Il tempo stava ridisegnando i loro corpi. Il suo sembrava arrendersi al passare delle stagioni. Un inverno dopo l’altro, scopriva un piccolo, inesorabile mutamento nei muscoli, un tempo tesi con la corda del suo arco, nel ventre che si arrotondava, nei pensieri, che avevano perso quella imprevedibilità e quell’immediatezza, tanto temuta da uomini e dei.
Anche il corpo di Penelope era cambiato. Ma con lei il tempo era stato più generoso che con lui.
Ne aveva addolcite le forme, una volta spigolose sulle spalle ossute e sui fianchi, scarni, che la maternità, prodigiosamente, aveva colmato.
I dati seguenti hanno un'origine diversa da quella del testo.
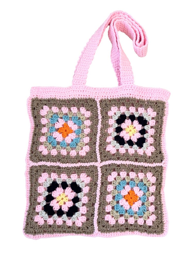 Features: Pockets Vintage: No Occasion: Casual, Party/Cocktail, Travel, Workwear Country of Origin: United States Exterior Color: Multicolor Brand: Handmade Closure: No Closure Shape: Square Accents: Crochet Size: Large Lining Color: Pink Handle/Strap Color: Pink Exterior Material: Acrylic Handle Style: Shoulder Strap Bag Width: 15 in Bag Height: 16 in Department: Women Handle/Strap Material: Acrylic Strap Drop: 14.5 inches Style: Tote Personalize: No Model: Granny Lining Material: Cotton Handmade: Yes Pattern: Granny Square

Il seno aveva perso l’arroganza dei vent’anni, riempiendosi negli anni, come un frutto maturo che grava sul ramo ai cui è appeso, pronto per essere colto e addentato.
Anche le cosce, un tempo rigide colonne d’alabastro, avevano perso la rigidità della pietra, per diventare una guida, accogliente, che conduceva alla vita e al piacere.
Mi sei mancata – pensava, durante le notti estive intrise di sudore.
Le guardava, incantato, il volto, le spiava il respiro, senza liberare la mano che lei, prima d’addormentarsi, gli stringeva, per trattenerlo, come l’ancora, calata sul fondo, trattiene la nave.
In quelle notte di veglia, Ulisse fissava la stella polare, compagna sicura di tanti viaggi, e la vedeva allontanarsi sempre di più fino a scomparire, mentre il Grande Carro si copriva con il volto della sua sposa.
Pensava ai vent’anni persi in una inutile guerra e in un tormentato ritorno, ma anche ai vent’anni di battaglie tra il desiderio di restare e la voglia di partire e capì che quello era il castigo degli dei.
L’infelicità di chi non sa godere delle cose che ha avuto, e l’insoddisfazione per le cose già possedute, che lo spingevano a cercarne ancora, altrove, gli appartenevano, come l’aquila appartiene al cielo e l’ulivo alla terra in cui si annoda.
Ma adesso era stanco e voleva riposare.
Pregò gli dei che gli cancellassero dal cuore la voglia di andare, che potesse godere, per tutto il tempo che gli era stato destinato, delle cose che aveva.
Penelope, il mattino dopo, cercò invano di svegliarlo. Il volto di Ulisse era sereno, come quello di chi ha trovato, finalmente, un luogo dove restare.